**PROBLEM TO WORK ON:**
Print exactly the first lines of the records. Stop after the line containing "早々に花期を終え、現在は実の収穫期を迎えつつあるのがブルーベリー。", and leave every picture out.

:: INPUT MATERIAL

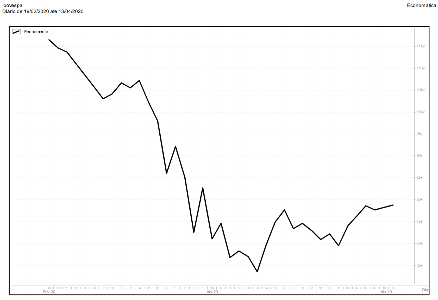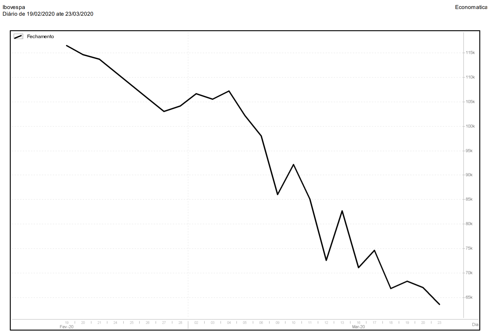 Sofremos uma queda aguda em questão de 1 mês, caindo dos 116 mil pontos, em fevereiro, aos 63 mil pontos em 23 de março:
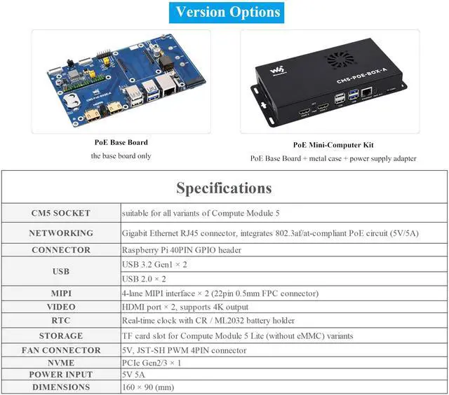 Compute Module 5 PoE Base Board, CM5 IO Board with PoE Feature, Support POE and Type C Power Supply/M.2 NVMe Solid State Drive 2280 2260 2242 2230, Onboard MIPI/M.2/HDMI/USB/ETH/TF Card Slot
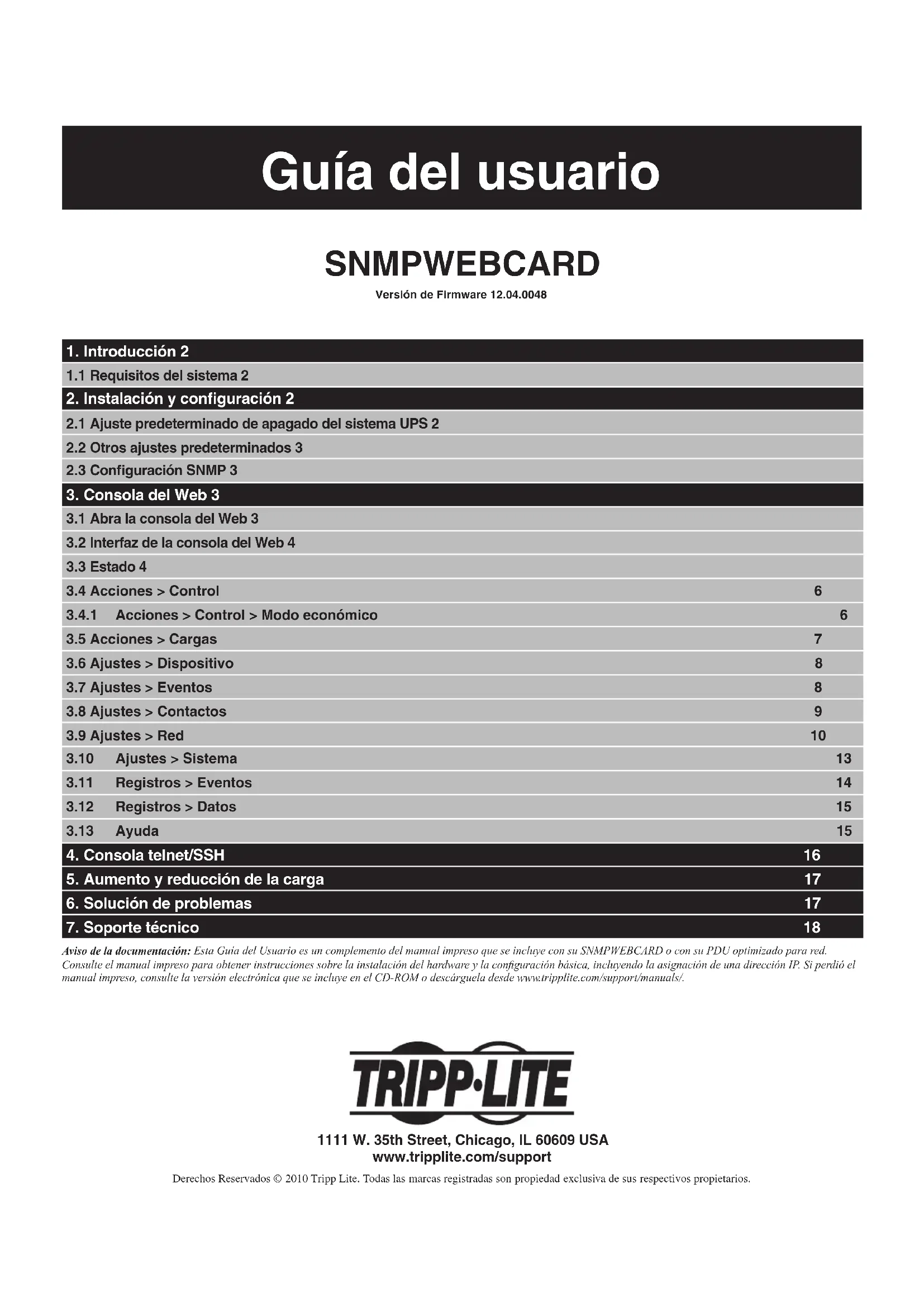 Aviso de la documentación: Esta Guía del Usuario es un complemento del manual impreso que se incluye con su SNMPWEBCARD o con su PDU optimizado para red. Consulte el manual impreso para obtener instrucciones sobre la instalación del hardware y la conguración básica, incluyendo la asignación de una dirección IP. Si perdió el manual impreso, consulte la versión electrónica que se incluye en el CD-ROM o descárguela desde www.tripplite.com/support/manuals/.2
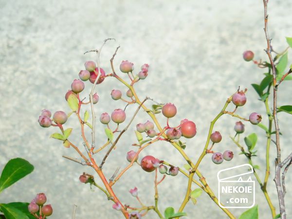 早々に花期を終え、現在は実の収穫期を迎えつつあるのがブルーベリー。
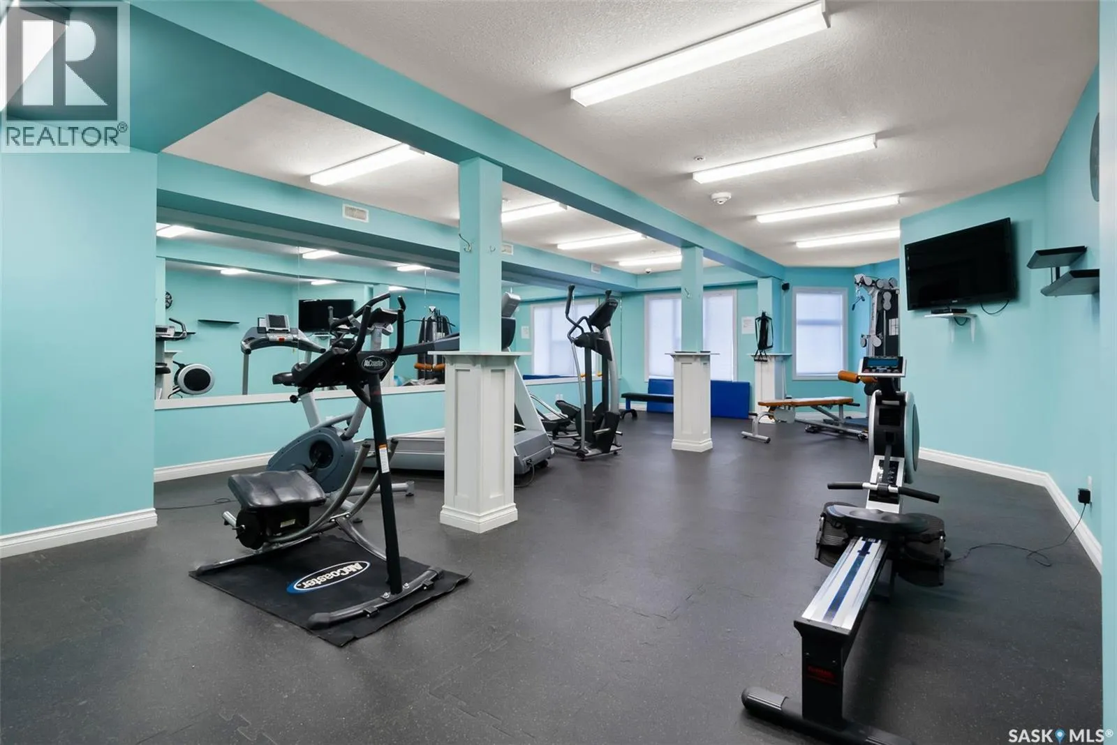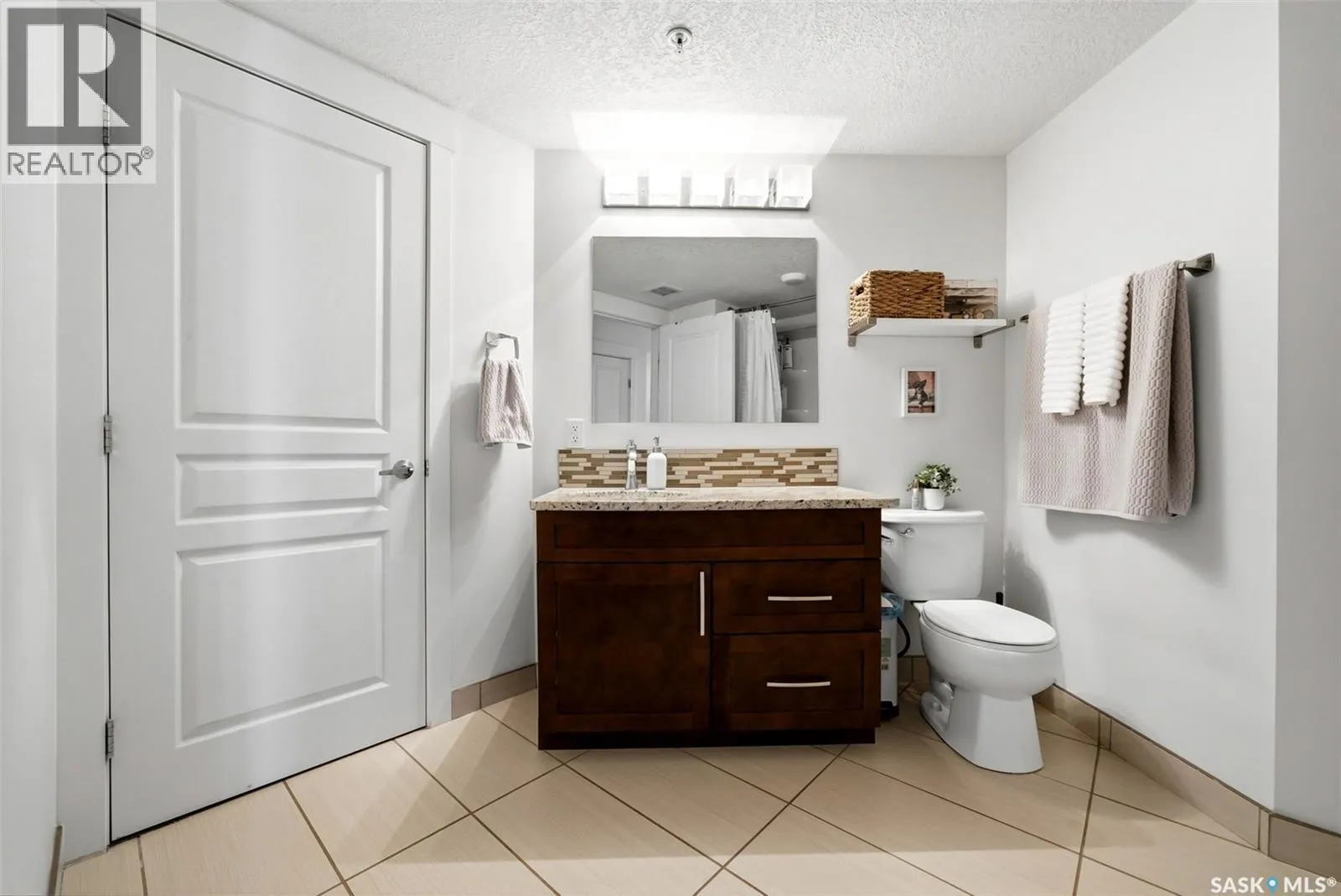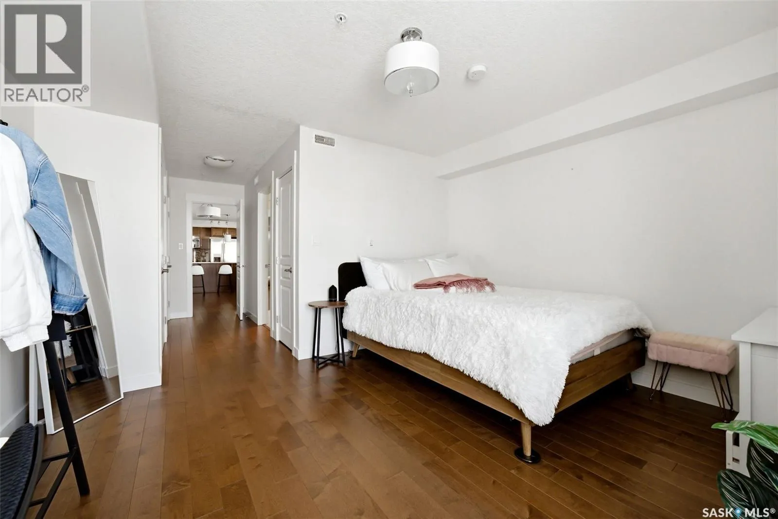 Meticulously maintained and move-in ready, this is one of the more spacious one-bedroom suites Fontaine Bleu has to offer. The open-concept layout flows seamlessly from the kitchen through the dining and living areas, all finished with beautiful hardwood flooring. Complete with high-end finishes the kitchen features maple cabinetry, stone countertops, tile backsplash, matching appliances, and a large island. The bright living room opens onto a generous west-facing balcony with a natural gas BBQ hookup, ideal for enjoying Saskatchewan summers. Down the hall, the comfortable primary bedroom offers ample closet space, complemented by an adjoining four-piece bathroom with tile floor. To top it all off, you'll enjoy the peace of mind of a heated underground parking stall, a dedicated storage locker, and condo fees that cover both heat and water. The building itself offers a fantastic range of amenities including a theatre room, gym, carwash bay, bike storage, and even a dog washing room, everything you need right at home. The perfect option for anyone seeking low-maintenance living in South Regina. (id:27476)

::::

**YOUR SOLUTION:**
 Sofremos uma queda aguda em questão de 1 mês, caindo dos 116 mil pontos, em fevereiro, aos 63 mil pontos em 23 de março:
 Compute Module 5 PoE Base Board, CM5 IO Board with PoE Feature, Support POE and Type C Power Supply/M.2 NVMe Solid State Drive 2280 2260 2242 2230, Onboard MIPI/M.2/HDMI/USB/ETH/TF Card Slot
 Aviso de la documentación: Esta Guía del Usuario es un complemento del manual impreso que se incluye con su SNMPWEBCARD o con su PDU optimizado para red. Consulte el manual impreso para obtener instrucciones sobre la instalación del hardware y la conguración básica, incluyendo la asignación de una dirección IP. Si perdió el manual impreso, consulte la versión electrónica que se incluye en el CD-ROM o descárguela desde www.tripplite.com/support/manuals/.2
 早々に花期を終え、現在は実の収穫期を迎えつつあるのがブルーベリー。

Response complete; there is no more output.